Last year’s Partnership Agreement between the Commonwealth, state and territory governments and Indigenous peak groups established the basis for a substantial commitment toward co-design and co-implementation of Closing The Gap initiatives with Indigenous communities through a structure for partnership and commitments to resourcing the development of more capacity within Indigenous peak groups and community groups to steer design and implementation.

The Commonwealth Implementation Plan itself, released today, puts some meat on that with additional funding for the Coalition of Peaks Indigenous groups to oversee the process as part of the Joint Council on Closing The Gap. It also commits that the next 12 months will see a significant expansion of the number of partnerships in place to co-design programs, which will form the institutional structure for the next stage of establishing a full partnership process.
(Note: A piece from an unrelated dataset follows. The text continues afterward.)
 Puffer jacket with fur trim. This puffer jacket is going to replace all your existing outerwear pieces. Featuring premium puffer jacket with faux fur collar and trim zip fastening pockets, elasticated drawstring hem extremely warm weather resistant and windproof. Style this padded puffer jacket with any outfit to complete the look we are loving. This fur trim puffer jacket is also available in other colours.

The main focus of overhauling government engagement with Indigenous communities is belated funding for the Northern Territory and ACT for compensation for victims of the Stolen Generations and the development of a “baseline for how the Commonwealth engages with Aboriginal and Torres Strait Islander stakeholders”, developed in partnership with Aboriginal and Torres Strait Islander communities.

On actual implementation of target one — Close the Gap in life expectancy within a generation, by 2031 — next steps will focus on strengthening the capacity of Aboriginal Community Controlled Health services and, along with target two — By 2031, increase the proportion of Aboriginal and Torres Strait Islander babies with a healthy birthweight to 91% — will be the subject of a new Health Plan from Greg Hunt’s department.
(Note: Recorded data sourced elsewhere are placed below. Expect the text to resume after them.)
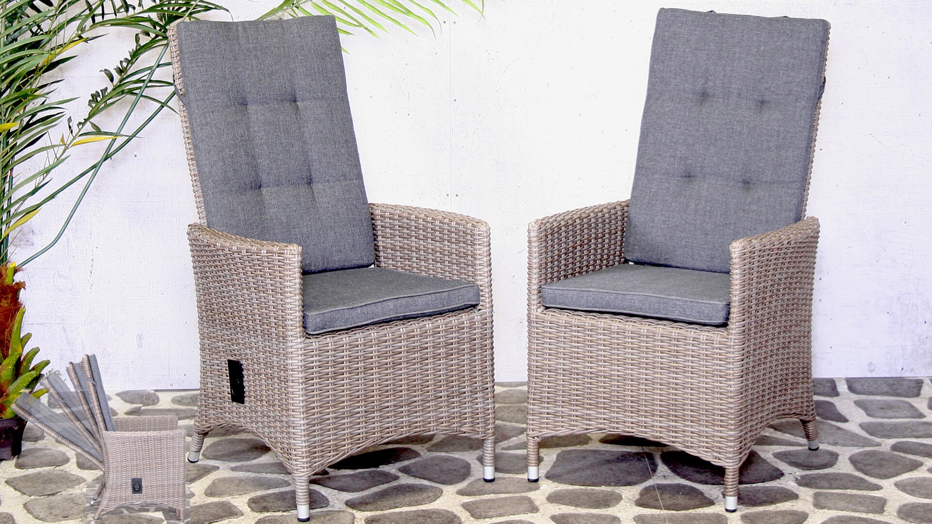 Sens-Linie Casablanca. Auf der Suche nach Gartenstühlen im Retro-Look? Dann ist dies die richtige Adresse. Dieser Stuhl holt die Zeit zurück in die Gegenwart, das Geflecht kommt in der warmen Farbe Kubu. Die Rückenlehne dieses Stuhls ist auch mit einem Hebel auf der rechten Seite verstellbar, lassen Sie den Hebel los, wenn die gewünschte Position erreicht ist. Ideal für den Bauch nach dem Abendessen! Das Kissen ist im Lieferumfang enthalten und besteht aus Olefin-Stoff.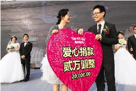 宁波市电力系统为10对新人举行集体婚礼,新人们为余姚灾区群众捐款2万元。(优秀奖) 张敬愉 摄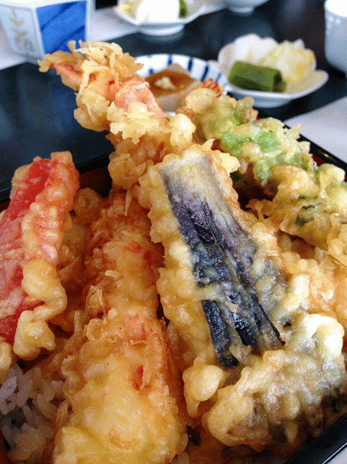 海老天と季節の野菜等ふんだんにのせた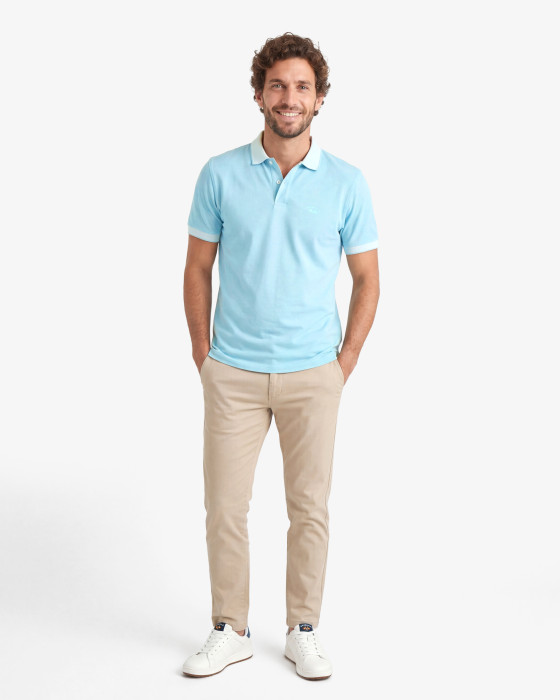 Polo piqué melange de hombre con diseño liso y acabado moderno. Confeccionado en algodón que aporta suavidad, comodidad y transpirabilidad. Su efecto jaspeado añade un toque actual y diferenciador. Ideal para looks casuales o más elegantes. Disponible en varios colores versátiles para el día a día y fácil de combinar.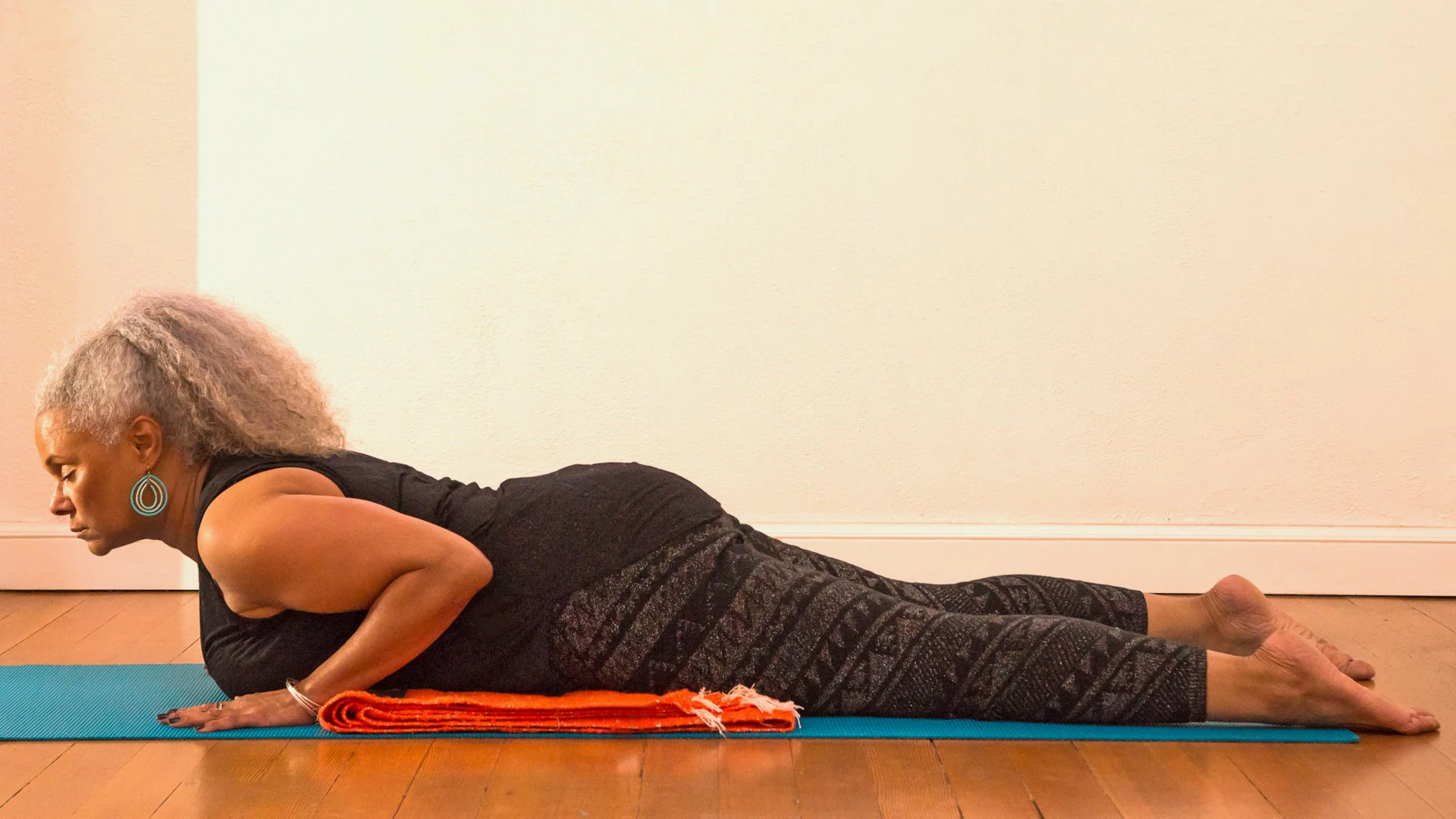 To avoid pressure or pinching in the low back, it can be helpful for students to place a folded blanket underneath the abdomen when practicing cobra. The blanket raises the top of the pelvis and lengthens the lower back by reducing the lumbar lordosis (the curve of the lower back).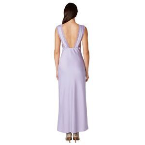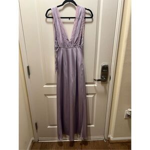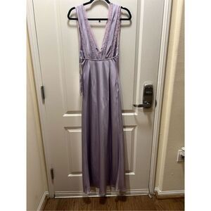 NIA AURELIE Maxi Satin Dress featuring lace detailing Lilac size S NWT$108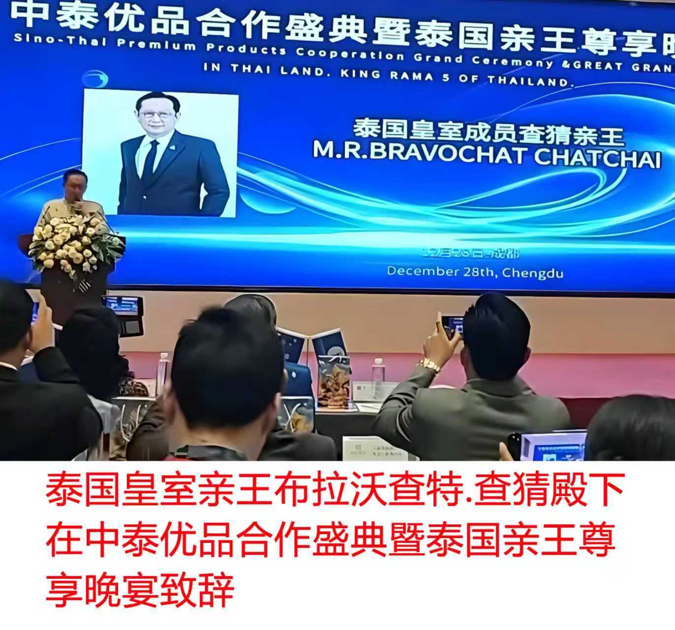 2025 年 12 月 28 日,泰国皇室亲王布拉沃查特·查猜殿下携王妃、泰国国际投资促进会主席贝恩博士、中非共和国治安法官YÉTINZAPA DANIEL.等重磅贵宾亲临中国四川成都,在天府新区的一处高端私密会所内,主持一场旨在缔结深厚友谊与深度认可的小范围高端专享活动——“中泰优品合作盛典暨泰国亲王尊享晚宴” 盛会。此次盛典由中泰双方联合举办。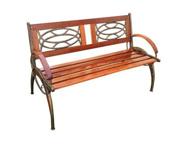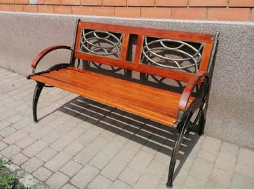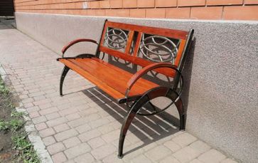 Небольшая модель предназначена скорее для частного использования, конструкция из состаренного чугуна и дерева оттенка палисандра подойдет для дачи. На такой скамье удобно отдыхать в дружеской компании.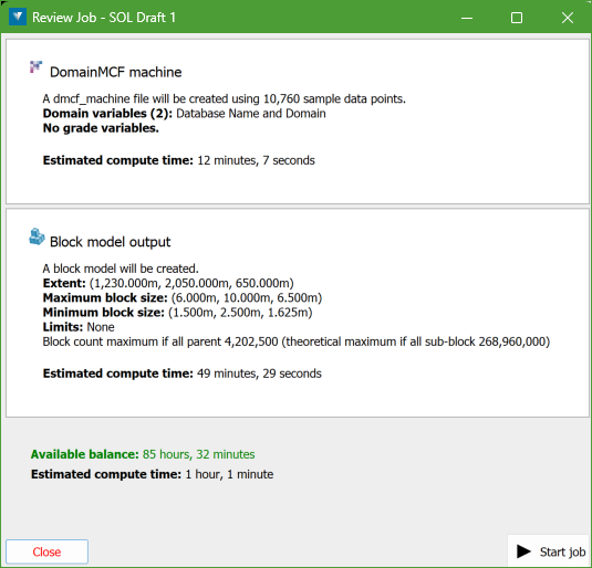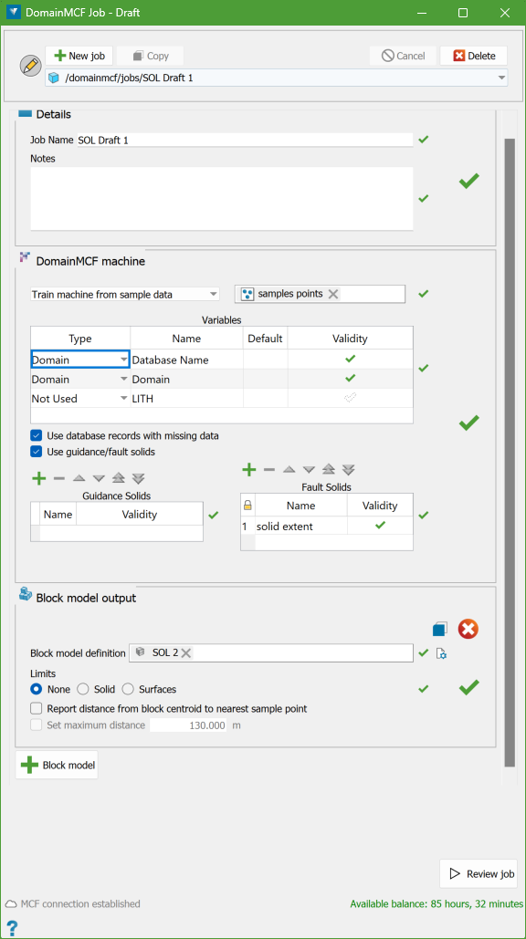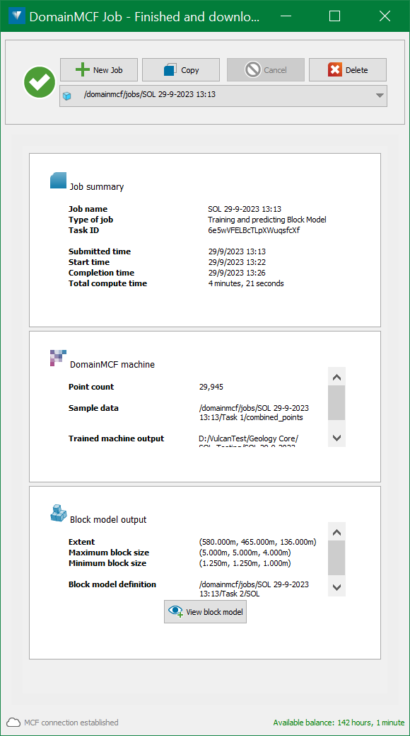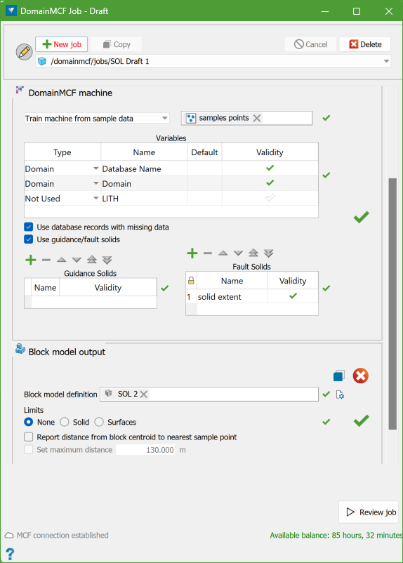 Once Review Job is run, the following panel is displayed which gives information about the DomainMCF machine and Block model output to be processed.

The two educational outcomes — including one of the few targets that are on track, early childhood education — will see expansions of existing programs to new sites (the third educational target, Year 12 or equivalent education, which is not on track, is primarily under the control of the states and territories). A Student Equity in Higher Education Roadmap is being developed to improve Indigenous higher education participation.

The new targets 10 — By 2031, reduce the rate of Aboriginal and Torres Strait Islander adults held in incarceration by at least 15% — and 11 — By 2031, reduce the rate of Aboriginal and Torres Strait Islander young people (10-17 years) in detention by at least 30% — are the subject of the Joint Council’s highest priority work, a Justice Policy Partnership that is expected to be finalised this year.

Beyond existing programs, the Commonwealth is funding improvements to data collection to enable better assessment of target 13 in relation to family violence in Indigenous households.

Unlike the initial Closing The Gap strategy — where the annual report on progress became, usually, a report card on failure and earnest promises from both sides to do better — the new process takes seriously the fact that Indigenous engagement from the very foundations of program design through to delivery on the ground must be prioritised to make serious progress toward most of the targets, especially in relation to health.

It’s not quite that the process is as important as the results, but if nothing else Scott Morrison and Ken Wyatt have elevated the former, confident that it should lead to the latter.

That doesn’t address the other great challenge of Indigenous affairs, though — expanding that logic to incorporate an Indigenous voice in policymaking at all levels via a voice to Parliament. There’s no movement on that, even though time is running out in this term of parliament.